Poor hospital management is one reason why health care costs in the U.S. are the highest in the world. According to a 2009 Boston Globe article by Scott Allen, “hospitals have overtaken prescription drugs as the main reason insurance bills go up each year.” But better logistics practices, particularly in the area of how patients are flowed through a hospital, could lead to significant improvements.
If hospital executives concentrated on the logistics of moving patients smoothly through the hospital, they could make hospitals better places to work, safer environments for patients, and cheaper to operate. The manufacturing, retail and 3PL sectors have all adopted advanced supply chain management principles. But the health care industry, which accounts for 17 percent of the U.S. economy, lags far behind in this area. Eugene Litvak, a professor of health care management at Boston University, has been a key proponent of changing that. According to the Globe artice:
In hospitals, nobody expects – or even wants – “fast” care, but everyone in the building benefits when the flow of patients from one part of the system to another is smooth. Backups in one part of the hospital can cause backups in others, leaving, for example, patients sitting for hours in the waiting room or highly trained surgical teams cooling their heels with no patient. A smoothly flowing hospital saves time and money, but it also reduces stress on the staff and the risk of mistakes. Unfortunately, the typical US hospital is a model of bad flow: The average emergency room wait, for example, is four hours.
The problem?
Nearly every department is run separately, making today’s hospital a nest of competing kingdoms rather than a smooth-running, cooperative organization.

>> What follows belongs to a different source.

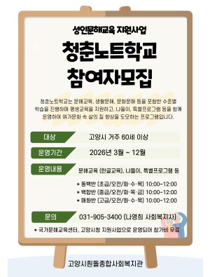 청춘노트학교 참여자 모집 (성인문해교육)

Hospitals often have limited power over doctors, who can schedule patient appointments without regard to the hospital’s needs.
As a result, Litvak says, American hospitals only think they’re overcrowded because they have a chronic problem managing their flow. Patients simply pile up at certain times. In 2006, for instance, US hospitals were typically only 65 percent full, far less crowded than the 84 percent occupancy in Britain and the 90 percent occupancy of Canadian hospitals. But when US hospitals get much more than 65 percent full, the whole system starts to become stressed. Then, to boost their capacity, hospitals expand, at an average cost of $1 million per new bed.
James M. Anderson, the CEO at Cincinnati Children’s helped implement Litvak’s ideas. As a former president of a company that manufactures valves, he was “underwhelmed by the level of efficiency he saw” when he joined Cincinatti Children’s. To bring about the culture change, he allied himself with a key transplant surgeon in the hospital. This doctor had noticed how inefficiency was adversely affecting his patients. For no obvious reason, he found that the nurses who cared for his young transplant patients “sometimes had a lot more time to lavish on the children” and other days these children got almost no attention. Further, hospital officials “discovered that the busy nights were caused, not by the random distribution of accidents and illnesses in Cincinnati, but by the way the hospital assigned operating room time to surgeons for scheduled surgery. Since a child who has just received a new liver needs near constant attention, this was no small matter, raising the risk that the child’s vital signs could plummet while the nurse is off caring for other patients.”
In 2004, Litvak became a consultant for the hospital. The article goes on to say:
Armed with a branch of mathematics known as queuing theory, Litvak began to rearrange Cincinnati Children’s Hospital. He told administrators that a lot of the delays throughout the hospital traced back to the lack of control over operating room time. He recommended that some operating rooms be set aside for emergencies only so that scheduled operations would not be disrupted. He also suggested that administrators take charge of assigning times for nonemergency surgeries to spread them out evenly. And he asked that surgeons notify the intensive care unit if their patients would need ICU care after the operation, giving the nurses time to plan.
Doctors now care for more patients in less time; there are fewer aggravations and logistical conflicts for staff and patients alike. The hospital says the improvements in efficiency have given it a boost in capacity equivalent to a $100 million, 100-bed expansion and boosted income from treating patients by even more. Doctors and nurses – many of them initially skeptical – generally like the system, too, because their schedules became more predictable. And Children’s officials say the changes have also made their hospital safer by reducing the times when nurses and doctors are under extreme stress. Cincinnati Children’s estimates that these and other streamlining measures will allow the hospital to generate an additional $137 million in revenue this year from treating more children with the same levels of staffing in surgery and other departments.
In short, “the American approach to health care has always been to focus overwhelmingly on the search for cures while devoting far less energy to practical matters like finding the best way to get cures to patients.” But clearly, supply chain management matters too.